I think for this problem I need to apply the residue theorem and clearly the origin is a pole. But how do I determine the order of this pole? Or there is another way to solve this problem without the residue theorem?
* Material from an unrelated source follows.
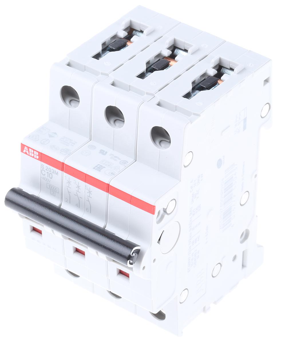 This is System M Pro 10A MCB Mini Circuit Breaker3P Curve C Breaking Capacity 10 kA manufactured by ABB. The manufacturer part number is 2CDS273001R0104 S203M-C10. The product has a current rating of 10a. The product s200m, is a highly preferred choice for users. The product comes in 76mm depth. It has equipped with 3p poles.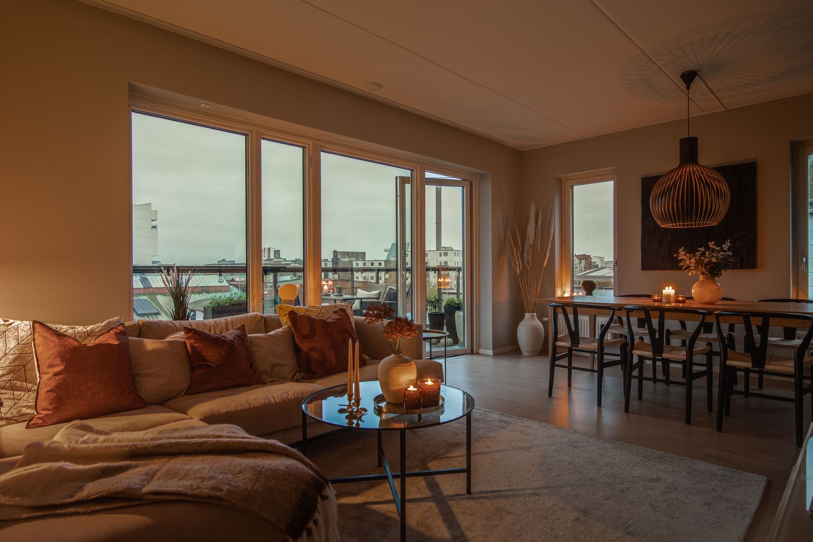 Utöver allt det fina med själva bostaden erbjuder föreningen en mysig innergård, en stor takterrass med sittgrupper och grillmöjligheter samt två övernattningslägenheter för gäster. Här kan ni njuta av utsikten som sträcker sig hela vägen från Ribersborg till Malmö Live.

Thanks.
Note that $\lim_{z\to 0}\frac{z}{\sin(z)}=1$. Hence, $z=0$ is a pole of order $1$.
So, we have
$$\begin{align} \oint_{|z|=r<\pi}\frac{\cos(z)}{\sin(z)}\,dz&=2\pi i \text{Res}\left(\frac{\cos(z)}{\sin(z)}, z=0\right)\\\\ &=2\pi i \lim_{z\to 0}\frac{z\cos(z)}{\sin(z)}\\\\ &=2\pi i \end{align}$$
Another way to see that $\cot(z)$ has a pole of order $1$ is to write
$$\begin{align} \cot(z)&=\frac{\cos(z)}{\sin(z)}\\\\ &=\frac{1-\frac12z^2+O(z^4)}{z-\frac16z^3+O(z^5)}\\\\ &=\frac{1-\frac12z^2+O(z^4)}{z\left(1-\frac16 z^2+O(z^4)\right))}\\\\ &=\frac1z\left(1-\frac13z^2+O(z^4)\right)\\\\ &=\frac1z-\frac13z+O(z^3) \end{align}$$
whereupon we see from the first term of the Laurent series that $z=0$ is a pole of order $1$ with residue $1$.